Dua puluh tahun yang silam. Tak berapa jauh dari kaki Welangmanuk terdapat sebuah pedataran tinggi yang subur. Kebun sayur mayur terbentang menghijau di mana-
mana. Bila seseorang berdiri di atas pedataran tinggi ini dan memandang ke bawah maka tampaklah pemandangan yang sangat indah dari lembah Manukwilis. Di atas pedataran tinggi itu terletaklah sebuah bangunan dari tembok yang selain besar juga sangat bagus bentuknya. Keseluruhan bangunan ini dicat putih dan dipagari dengan tembok setinggi lima tombak. Untuk masuk ke halaman dalam bangunan cuma ada sebuah pintu. Pintu ini juga terbuat dari batu yang hanya bisa dibuka secara
rahasia. Kalau bukan orang yang berilmu sangat tinggi jangan harap bisa masuk ke dalam halaman bangunan karena di atas tombak yang tingginya lima tombak itu masih ditancapi lagi dengan besi-besi runcing berduri-duri panjang setinggi tiga tombak!

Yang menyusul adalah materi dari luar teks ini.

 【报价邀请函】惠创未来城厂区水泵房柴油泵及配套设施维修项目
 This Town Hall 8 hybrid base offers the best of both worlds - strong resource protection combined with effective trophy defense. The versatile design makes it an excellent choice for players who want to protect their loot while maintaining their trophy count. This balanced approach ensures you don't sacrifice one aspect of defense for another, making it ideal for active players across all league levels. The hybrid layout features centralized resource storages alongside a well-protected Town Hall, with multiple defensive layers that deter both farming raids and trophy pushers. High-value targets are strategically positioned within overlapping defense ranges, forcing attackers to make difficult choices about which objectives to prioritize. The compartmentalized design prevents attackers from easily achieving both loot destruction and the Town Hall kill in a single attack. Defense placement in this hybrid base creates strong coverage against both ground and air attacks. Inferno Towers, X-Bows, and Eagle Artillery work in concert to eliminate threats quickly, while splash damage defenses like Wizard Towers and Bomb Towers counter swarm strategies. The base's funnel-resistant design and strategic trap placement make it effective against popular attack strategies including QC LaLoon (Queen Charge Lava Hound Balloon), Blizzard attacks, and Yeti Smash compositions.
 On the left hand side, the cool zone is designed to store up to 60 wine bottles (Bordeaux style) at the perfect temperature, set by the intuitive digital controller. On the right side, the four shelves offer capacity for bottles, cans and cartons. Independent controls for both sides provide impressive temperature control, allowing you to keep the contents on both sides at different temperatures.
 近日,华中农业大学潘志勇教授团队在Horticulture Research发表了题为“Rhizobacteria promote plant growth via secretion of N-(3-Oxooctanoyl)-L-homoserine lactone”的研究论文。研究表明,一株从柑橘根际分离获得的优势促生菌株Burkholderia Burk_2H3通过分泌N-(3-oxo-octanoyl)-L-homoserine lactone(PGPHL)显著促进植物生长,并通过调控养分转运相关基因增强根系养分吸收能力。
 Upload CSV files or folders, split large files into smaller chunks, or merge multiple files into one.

Bangunan atau gedung apakah sesungguhnya yang terdapat di
belakang tembok itu dan siapakah pemiliknya? Konon kabarnya gedung
itu adalah sebuah biara. Biara itu kini diketuai oleh seorang Biarawati
bernama Wilarani. Biarawati ini sudah lanjut usianya, hampir mencapai
enam puluh tahun. Dulunya semasa muda dia merupakan seorang gadis
cantik yang tersiar harum ke mana-mana kecantikannya itu. Kebahagiaan
hidup muda remajanya hancur luluh sewaktu kekasih yang dicintainya
lari meninggalkannya dan kawin dengan seorang anak bangsawan kaya
raya sedangkan Wilarani sendiri adalah anak petani miskin.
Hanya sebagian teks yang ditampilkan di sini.